Когда он налил себе третью миску, Иваныч, иронично посоветовал: « Ты в уху водку хотел добавить. Попробуй теперь. Иначе как можно сравнить?».
Его друг плеснул из стопки в миску с ухой и зачерпнул ложкой, попробовав –скривился.
– Что, не понравился тебе вариант «настоящей» ухи? – засмеялся капитан.  – Я разных видов ухи с два десятка пробовал. Все они хороши, какой выбрать – дело вкуса, но уху с влитой   водкой  не терплю.
Мы разложили на куске доски коричнево–золотистых, пахнущих дымком, копченых окуней и каждый мог выбирать себе понравившихся.
– М–м–м, какая вкуснятина, – приговаривал москвич, – уписывая крупного окуня.
Рыба и правда удалась на славу.
Потом друзья сидели, глядя на солнце, спускавшееся все ближе к горизонту и ленивые волны спокойного озера. Вспоминали, обнявшись как воевали, как теряли фронтовых друзей.

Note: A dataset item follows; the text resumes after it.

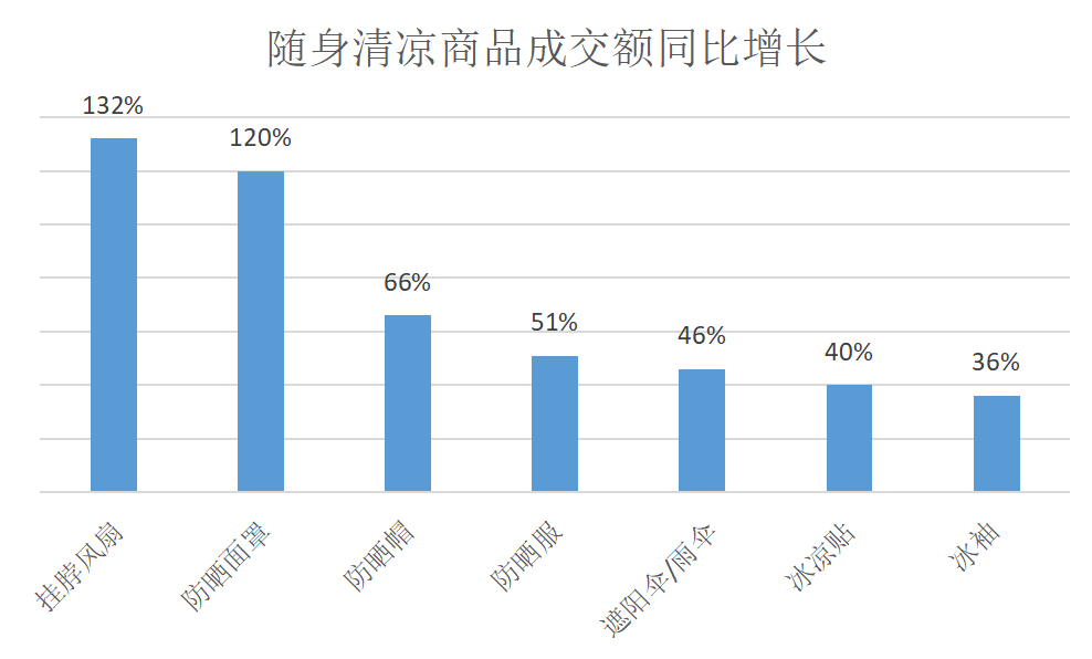 *挂脖风扇、防晒服等随身清凉用品消费增长超1倍,防晒面罩热销;

Мы с другом глядели на них во все глаза, с интересом слушали их разговоры и воспоминания. Боясь помешать мы не задавали вопросов, хотя не все понимали до конца. А ветеранам подробности были не нужны. Они понимали друг друга с полуслова.

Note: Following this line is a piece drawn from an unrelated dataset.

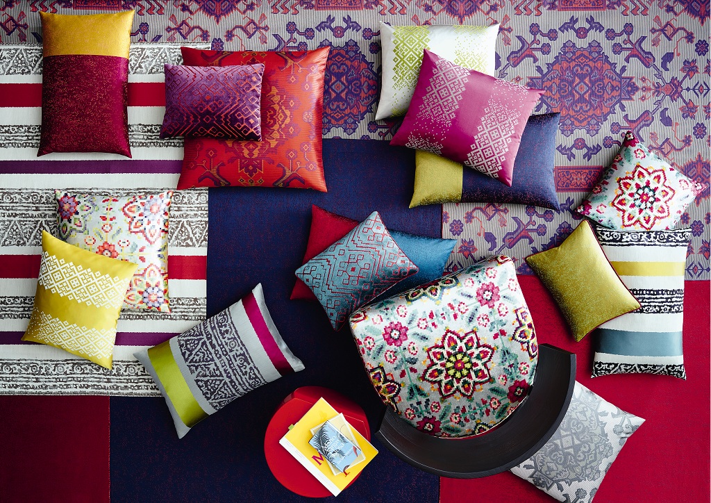 В последних коллекциях тканей преобладают яркие и глубокие краски. Чем интенсивнее цвет, тем выигрышнее смотрится ткань в интерьере! Еще большей глубины цвету придают материалы с ворсистой поверхностью, вроде бархата, или с блеском – такие, как шелк и вискоза. Узор на чехле может быть самым разным: это и растительный рисунок, и абстрактный геометрический принт. Прием, который часто используют декораторы, - комбинирование однотонных подушек глубоких цветов в оформлении изголовья кровати или дивана с чехлами в яркую полоску в той же самой гамме.
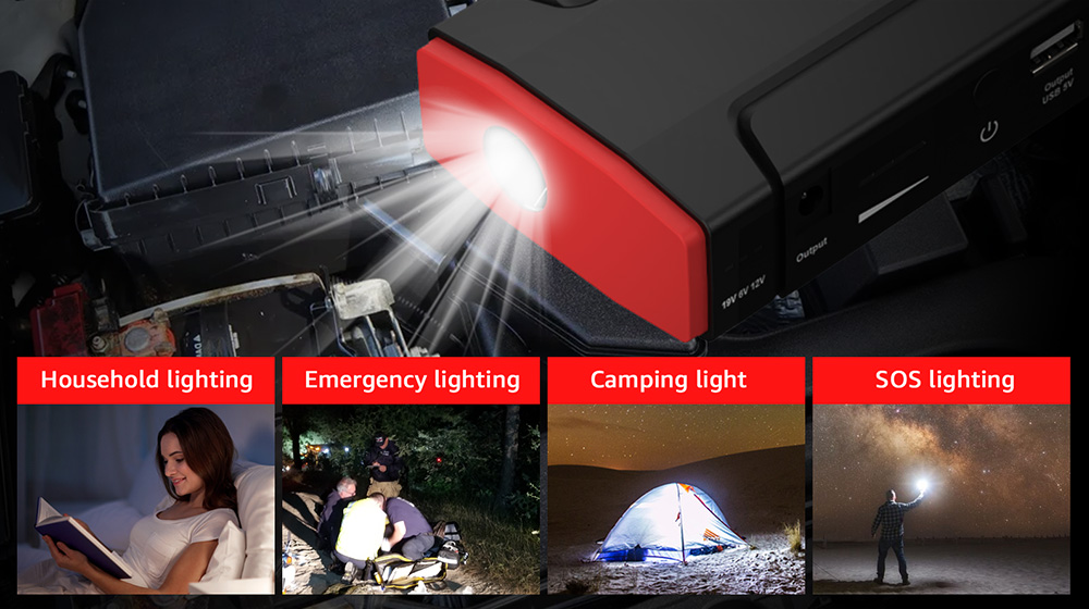 يعمل جهاز تشغيل بطارية السيارة A8 بسعة 10000 مللي أمبير وتيار ذروة يصل إلى 1000 أمبير.

В июле в Карелии ночи белые, поэтому на судно спать пошли уже за полночь.
Утром, после чая, с Юркой мы обследовали остров. Хотелось ягод найти.
Черника уже поспела, и налакомились мы ею вдоволь.   Вдруг наткнулись мы на странные сооружения. За висящей на столбах, оборванной местами  колючей проволокой,  были видны остатки каких–то зданий и две вышки по углам.
Вернувшись на бот, мы рассказали взрослым об увиденном.
– По описаниям похоже на лагерь для заключенных, – высказался Палыч.   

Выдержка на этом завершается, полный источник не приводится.